Blocking Plasmodium Merozoite Invasion of Red Blood Cells: Molecular Docking Analysis of Small Molecule Inhibitors of the RH5-CyRPA-RIPR Complex

Malaria, caused by Plasmodium parasites, remains life-threatening, with Plasmodium falciparum responsible for severe cases. The parasite’s invasion of Red Blood Cells (RBCs) is critical for infection. The interaction between Reticulocyte Binding Protein Homologue 5 (RH5), Basigin, monoclonal antibodies and Cysteine-Rich Protective Antigen (CyRPA) with glycan on RBCs is essential for this process. This study aims to identify small molecules inhibiting the RH5-CyRPA-RIPr invasion complex. A library of 2299 compounds from FDA-approved drugs and African natural products in the ZINC database was screened using molecular docking. Binding sites for Basigin, monoclonal antibodies and glycans on RH5 and CyRPA were targeted, with binding affinity cutoffs of −8.5 kcal/mol for monoclonal antibodies and −7.0 kcal/mol for CyRPA and Basigin.
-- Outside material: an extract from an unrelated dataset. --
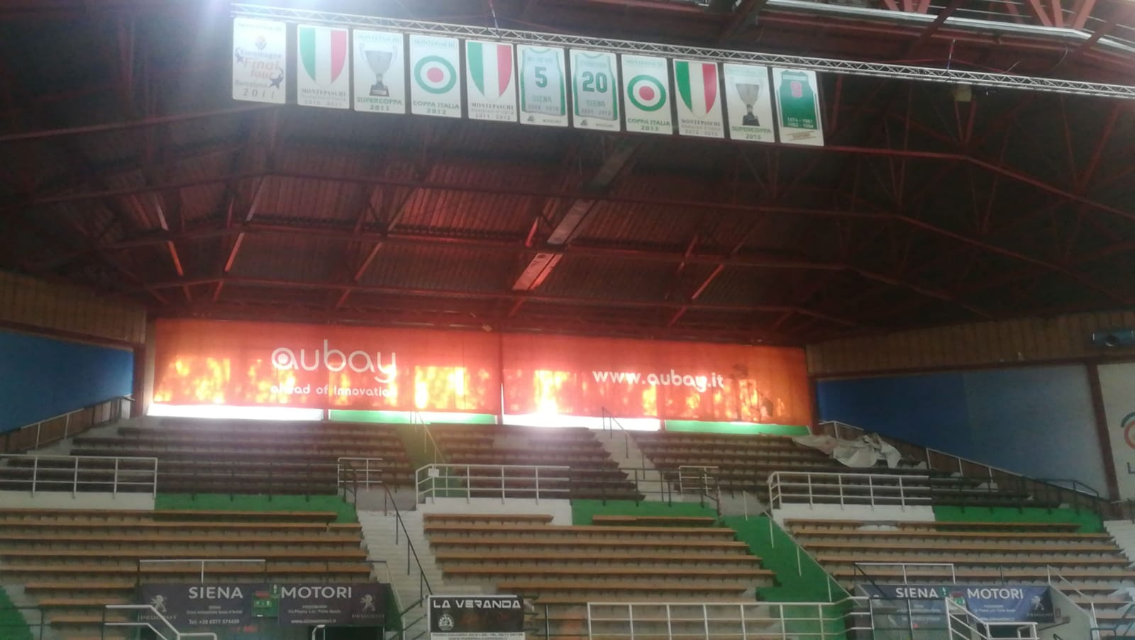 Le scritte “Montepaschi Siena” non campeggeranno più sugli spalti del PalaEstra di viale Sclavo. Nella giornata di oggi sono state rimosse e sostituite con quelle di Aubay, nuovo sponsor.
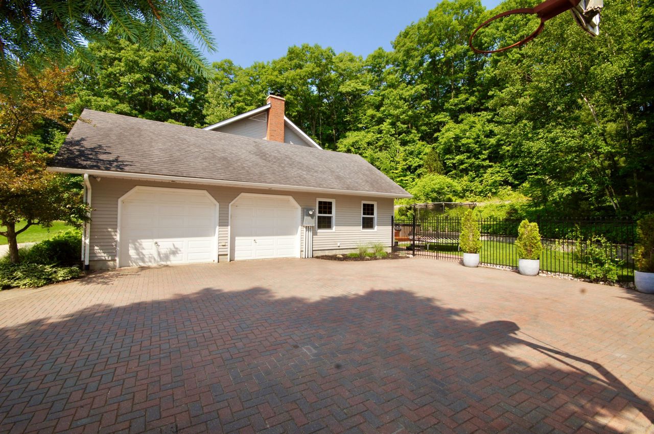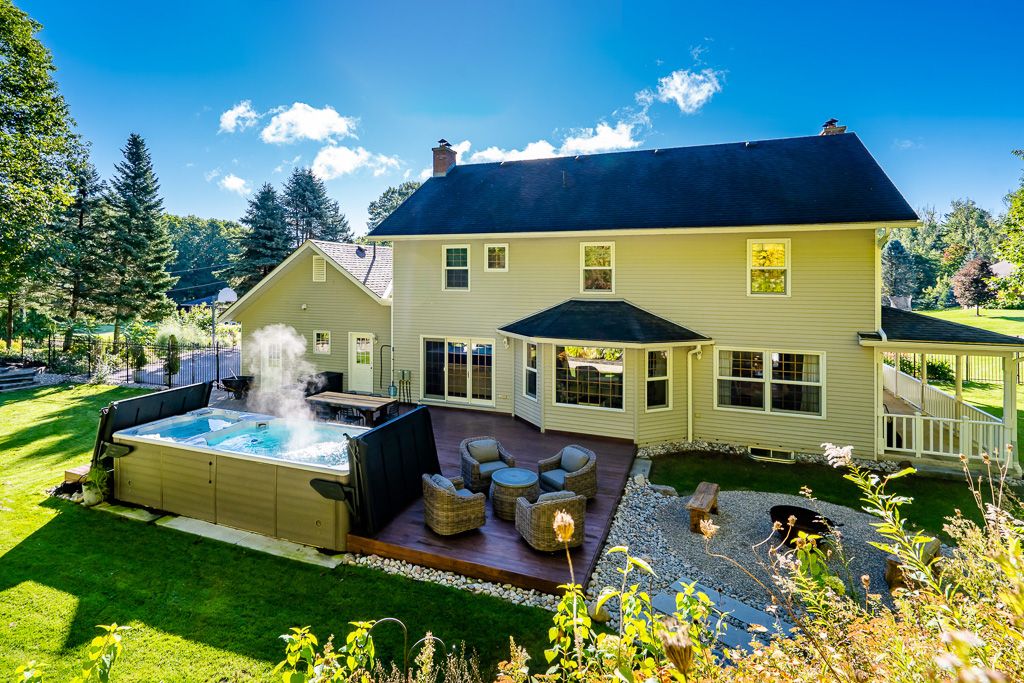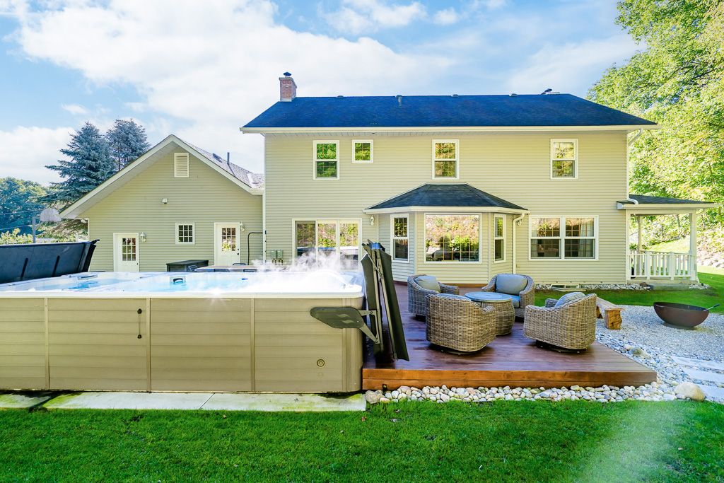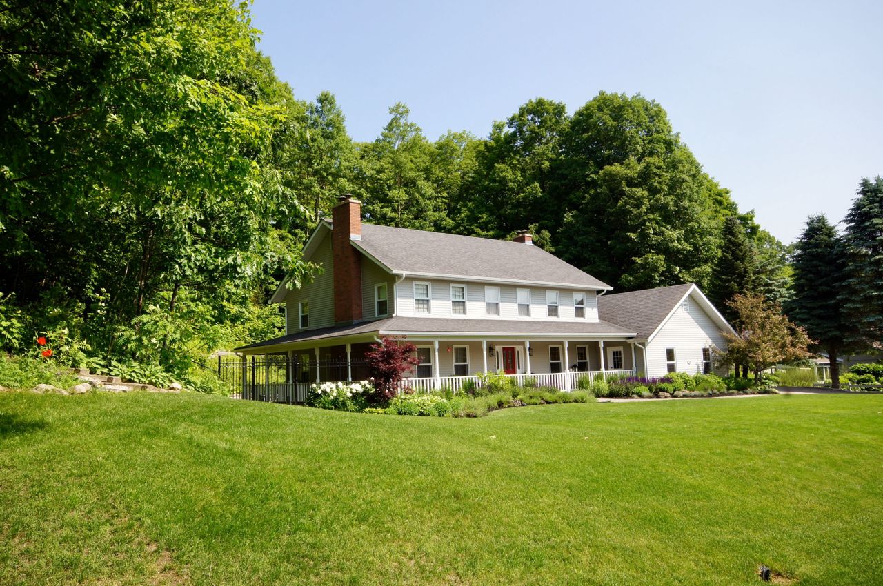 This timeless Colonial-style home boasts stunning curb appeal and is located in Midland, close to shopping amenities, golf courses, schools, and GBGH hospital. Featuring approximately 4000 sf, 5 beds, 4 baths, 2 wood-burning fireplaces, on a 1-acre lot backing onto 265 Acres of Simcoe County Forest. The 2-storey home has 4 beds, 2 baths on the upper level, with a large primary bed and ensuite bath and walk-in closet. The main floor includes a family room and living room both with fireplaces, kitchen with sitting area, a formal dining room, 2- 2pc baths, a main floor bedroom, laundry, and garage access. Lower level: rec room, bonus room, utility room, cold cellar. The 636 sf porch leads to a fully fenced landscaped backyard with fire pit, 18' swim spa. walking path to trails, skiing, and nature. Updates: sprinklers, landscaping, swim spa, cedar decking, bathrooms, AC, hot water tank, electrical service, paint, fenced. Relax on the porch, hike, enjoy the swim spa—this home has it all.

Compounds were assessed for pharmacokinetics, solubility, drug-likeness, lead-likeness and biological activity using the PASS online server. Molecular dynamics simulations and free energy calculations evaluated stability and binding efficiency. Nine hits for RH5 and three for CyRPA showed favorable stability and anti-protozoal activity (up to 0.65). African natural products exhibited similarities with drugs like Nequinate and Cyanidin, supporting further research. Promising small molecules were identified as potential inhibitors of P. falciparum invasion, laying a foundation for experimental validation and drug development.